3. He made designs for children, and advocated for the importance of play
Mari thought play was not a form of amusement, but a way to understand the world. He famously said that the Nobel Prize should be awarded to two-year-olds, because he was fascinated by how quickly children learn about the world through a process of trial-and-error. As a young father in the 1950s, he noticed that many toys did not encourage creative thinking or autonomy in children, and observed how his own children’s enjoyment came from games that granted freedom in play. At first produced on a relatively small scale, Mari designed some of the most iconic children's puzzles and books that are still in production today.
4. For Mari, design was a means to transform society
Among his contemporaries, Mari was known as ‘design’s conscience’. His lifework was advocating for the social responsibility of design and designers, who for him ought to be at the service of society, not themselves. He also thought design should elevate the experience and status of the people producing objects, and not just serve those that bought them. In fact, many of his projects were experiments in de-alienating production line work, or in restoring autonomy and creativity in workers. For Mari, these were ways to practice equality, raise collective consciousness, and ultimately transform society to be more equitable.

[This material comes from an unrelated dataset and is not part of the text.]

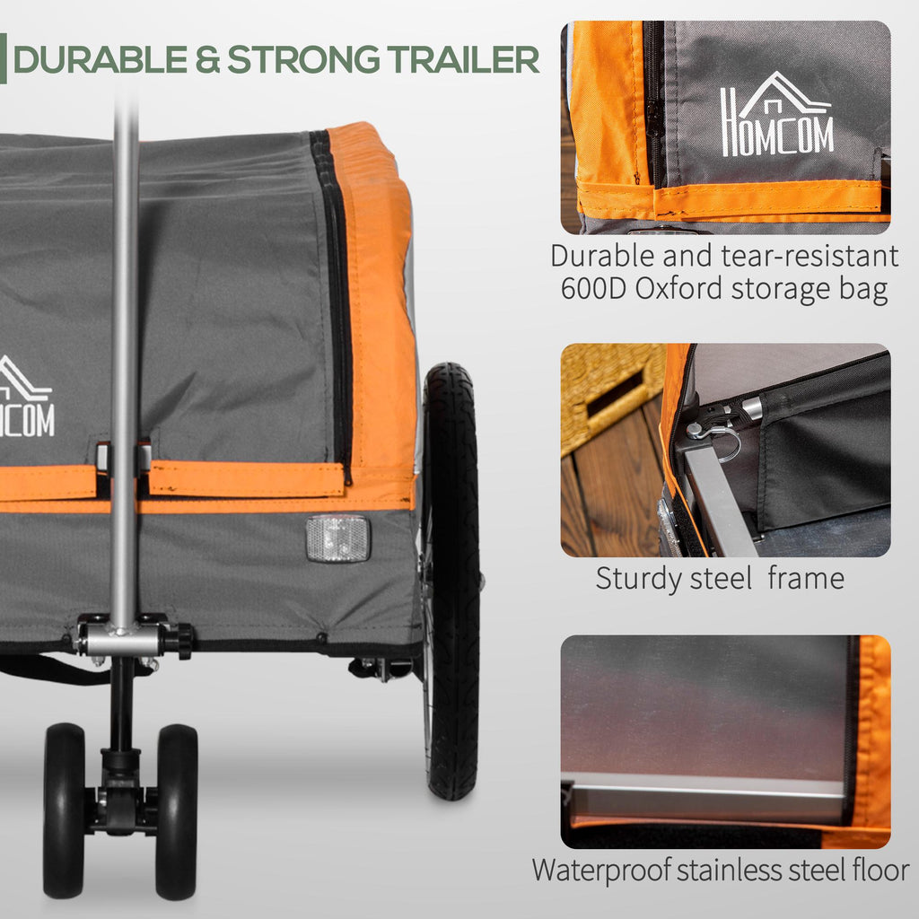 Rimorchio per Bicicletta 130x64x60/97 cm in Acciaio e Sacca in Tessuto Oxford Arancione e Argento

5. He continues to be a role model for younger designers
Mari foresaw the ecological and societal dangers of our consumerist society and our throwaway culture. For him, the only real key to a sustainable future was producing less. At a time where surplus and inequality in distribution of goods is as acute as ever, Mari’s reflections on what good design is and should be, resounds far and wide. Generations of younger designers across continents - whether his former students or simply admirers - continue to reference his ethos, by challenging production processes, striving for essential and durable forms, or advocating for the importance of play. Mari’s donation of his archive to the city of Milan is also a gift to younger generations, whom he always believed in and whom he hoped would take learnings and inspiration from his work.
“We need to get rid of the idea of global profit, finance, industries and brands. We need to get rid of advertising, and of all forms of sponsored communications, of the world of forms with no essence that has replaced our kids’ school and education. Of all that exists to convince us that we need what we do not need, and that knowledge, wisdom and success can be easy and require no effort. We need to get rid of all the family-driven morals that could be all fine and well by themselves but that are all nonetheless blind. And we need to open our eyes towards a new collective ethic. And then, we may also have new designs. Because the first condition to create good design is passion for transformation.”